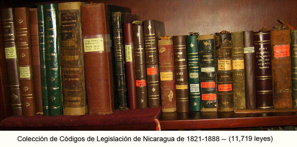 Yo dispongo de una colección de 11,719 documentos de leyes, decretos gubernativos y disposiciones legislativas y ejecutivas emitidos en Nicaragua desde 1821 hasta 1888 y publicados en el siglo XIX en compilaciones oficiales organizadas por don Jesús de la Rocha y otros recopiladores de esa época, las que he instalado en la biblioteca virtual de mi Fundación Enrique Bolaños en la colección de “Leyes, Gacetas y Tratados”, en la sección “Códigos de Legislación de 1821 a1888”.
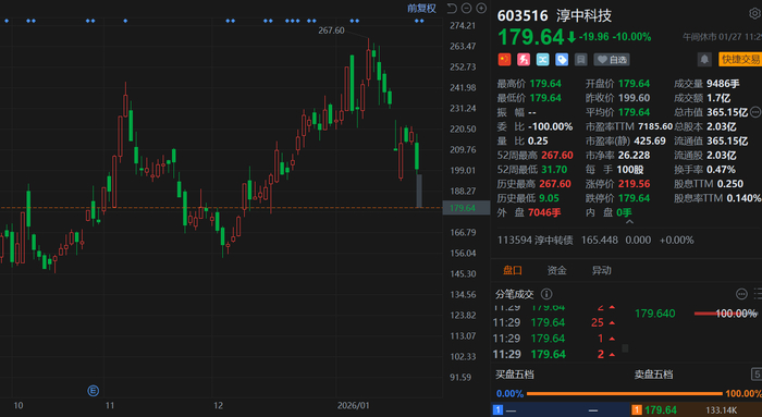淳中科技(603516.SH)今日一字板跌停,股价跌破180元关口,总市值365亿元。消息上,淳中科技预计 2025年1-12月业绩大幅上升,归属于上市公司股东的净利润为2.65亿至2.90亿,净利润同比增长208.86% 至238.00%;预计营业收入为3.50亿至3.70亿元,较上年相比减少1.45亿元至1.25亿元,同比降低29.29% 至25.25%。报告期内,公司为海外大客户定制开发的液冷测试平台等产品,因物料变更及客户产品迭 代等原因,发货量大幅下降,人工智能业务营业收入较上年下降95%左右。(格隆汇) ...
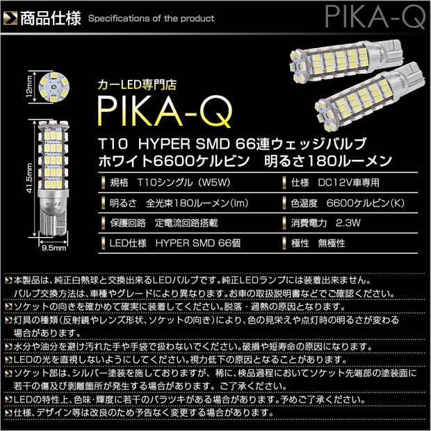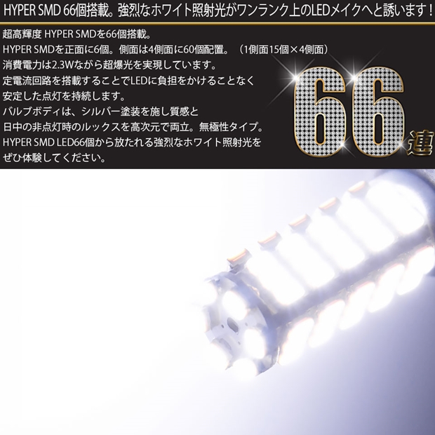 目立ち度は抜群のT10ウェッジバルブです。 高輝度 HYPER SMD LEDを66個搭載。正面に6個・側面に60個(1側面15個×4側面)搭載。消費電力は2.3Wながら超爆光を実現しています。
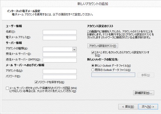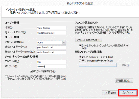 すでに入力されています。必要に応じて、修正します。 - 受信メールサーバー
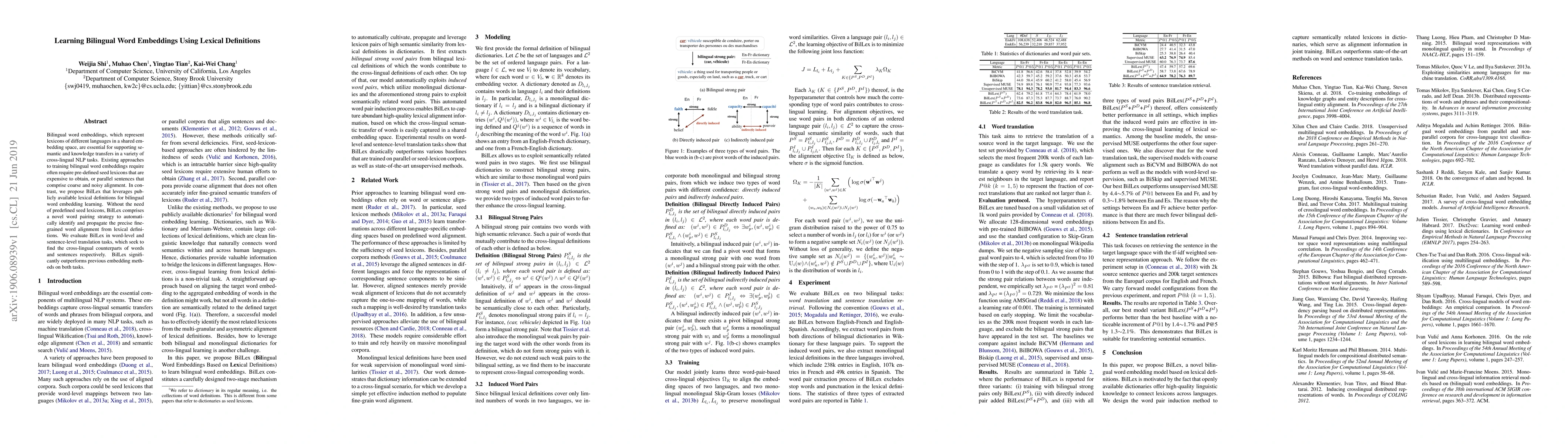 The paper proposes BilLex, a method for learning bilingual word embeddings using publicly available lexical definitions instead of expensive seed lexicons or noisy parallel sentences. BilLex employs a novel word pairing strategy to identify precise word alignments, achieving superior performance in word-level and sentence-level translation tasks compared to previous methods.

^^^^^^^^^^^^^^^^

[Problem details]: Write out every line above again exactly, with the pictures left out.

[Written answer]:
 Yo dispongo de una colección de 11,719 documentos de leyes, decretos gubernativos y disposiciones legislativas y ejecutivas emitidos en Nicaragua desde 1821 hasta 1888 y publicados en el siglo XIX en compilaciones oficiales organizadas por don Jesús de la Rocha y otros recopiladores de esa época, las que he instalado en la biblioteca virtual de mi Fundación Enrique Bolaños en la colección de “Leyes, Gacetas y Tratados”, en la sección “Códigos de Legislación de 1821 a1888”.
淳中科技(603516.SH)今日一字板跌停,股价跌破180元关口,总市值365亿元。消息上,淳中科技预计 2025年1-12月业绩大幅上升,归属于上市公司股东的净利润为2.65亿至2.90亿,净利润同比增长208.86% 至238.00%;预计营业收入为3.50亿至3.70亿元,较上年相比减少1.45亿元至1.25亿元,同比降低29.29% 至25.25%。报告期内,公司为海外大客户定制开发的液冷测试平台等产品,因物料变更及客户产品迭 代等原因,发货量大幅下降,人工智能业务营业收入较上年下降95%左右。(格隆汇) ...
 目立ち度は抜群のT10ウェッジバルブです。 高輝度 HYPER SMD LEDを66個搭載。正面に6個・側面に60個(1側面15個×4側面)搭載。消費電力は2.3Wながら超爆光を実現しています。
 すでに入力されています。必要に応じて、修正します。 - 受信メールサーバー
 The paper proposes BilLex, a method for learning bilingual word embeddings using publicly available lexical definitions instead of expensive seed lexicons or noisy parallel sentences. BilLex employs a novel word pairing strategy to identify precise word alignments, achieving superior performance in word-level and sentence-level translation tasks compared to previous methods.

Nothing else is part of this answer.